Mr Gilpin had wanted to go to Fanny himself but Adelaide had persuaded him that he could be more help in looking after her brother. ‘I could have no peace of mind leaving him without Mrs Pride,’ she told him and so the old man was conveyed down to the vicarage, with which he pronounced himself well enough pleased. Mr Gilpin, meanwhile, contented himself with a letter.

My dear child,
How or why this strange business has arisen I can scarcely guess. Nor can I imagine that you could ever perform any act of malice or dishonesty. I am praying for you and ask you to remember – more than that, to know that you are in God’s hands. Trust Him, and know that the Truth shall make you free.

To Adelaide he said only: ‘Get a good lawyer.’

So the intrepid old lady and Mrs Pride set off together to make the seventy-mile journey to Bath. On the turnpike roads, with changes of horses, they could arrive there upon the second day.

It was a source of fury to Mrs Grockleton that Fanny should be held in prison at all, but all that good lady’s efforts had been in vain. For some reason – perhaps it was something he had eaten, or merely the fact that the trial judge was to arrive shortly – the magistrate had ordered that Fanny was to be held in the city gaol. Not even Mrs Grockleton’s threat to have the Customs men inspect his house had moved him.

Insofar as was possible, the small prison where she was held had been made comfortable for her. She had her own cell, food, everything she could need. She was treated with politeness as those set to guard her had no wish to displease the generous and slightly frightening Mrs Grockleton, who was constantly visiting. Mr Grockleton, meanwhile, had already secured the services of Bath’s leading law firm to defend her and the head of the firm himself had been to see Fanny three times.

Surely, therefore, it should not be long before this regrettable matter was cleared up and Fanny set at liberty. It should be so. Yet, on each of the three occasions, the distinguished legal gentleman had come away shaking his head. ‘I cannot obtain a statement from her,’ he confessed.

So that finally Mr Grockleton was moved to suggest to his wife what had been in his mind for some time. ‘Supposing she did it,’ he said.

The outrage with which this was received did that stout lady credit. ‘If you ever say such a thing again, Mr Grockleton, I shall box your ears.’

So Mr Grockleton said no more. But he wondered, all the same.

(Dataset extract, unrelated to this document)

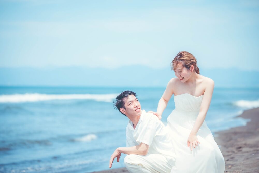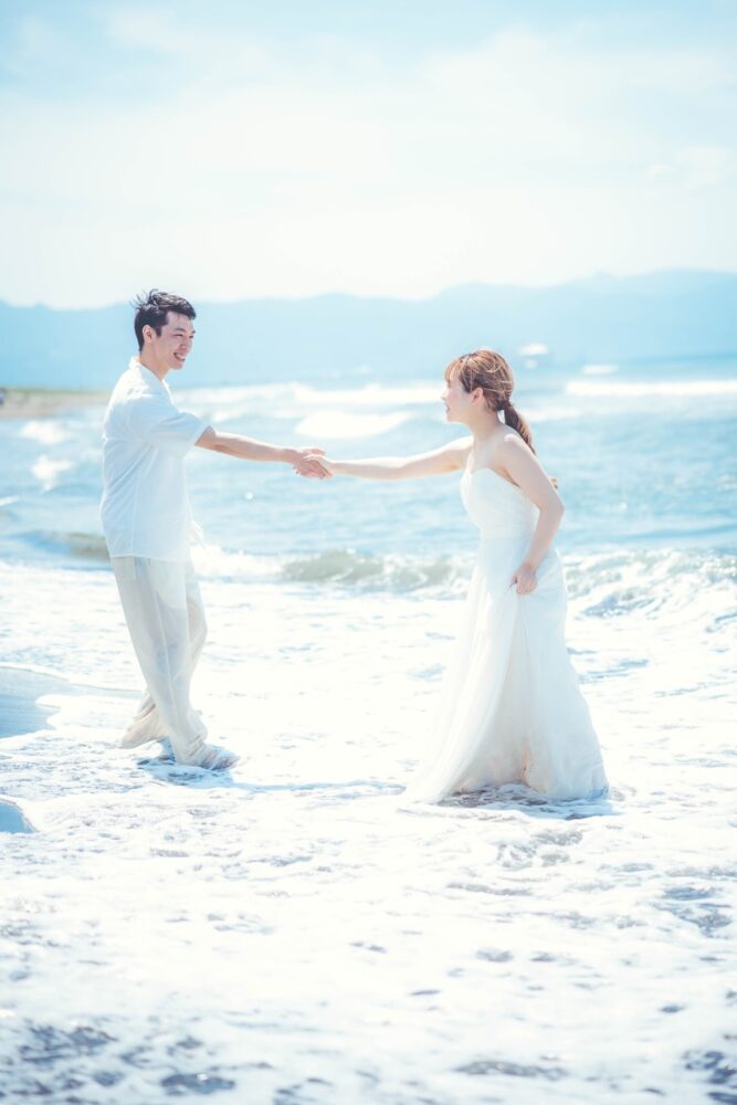 波打ち際でおふたりが自然に笑い合う姿は、まさに映画のワンシーンのよう。

The shop was not a large emporium, but a busy one: buttons and bows, ribbons, every kind of fine lace. You might find ladies, dressmakers, all sorts of people in there, buying the small oddments without which, in Bath, life would be almost meaningless.

It had been a slow, dull day and the afternoon was already losing light, as though someone were drawing down the blinds, when Fanny Albion had started to move towards the door. She had been in the shop for some time, drifting listlessly round the tables, inspecting pieces of silk and other fashionable fripperies. She had no real desire to buy anything and had only come in there because she lacked the energy, or the will, to walk up the hill towards her lodgings. Her mind had been full of melancholy reflections. During her wanderings the bag on her arm had come open. After spending about twenty minutes in this way, she had lingered, in an abstracted way, for several minutes by a round table on which were displayed a large number of pieces of fine lace, some of which she had picked up. Then, calmly closing her handbag, she had moved towards the door.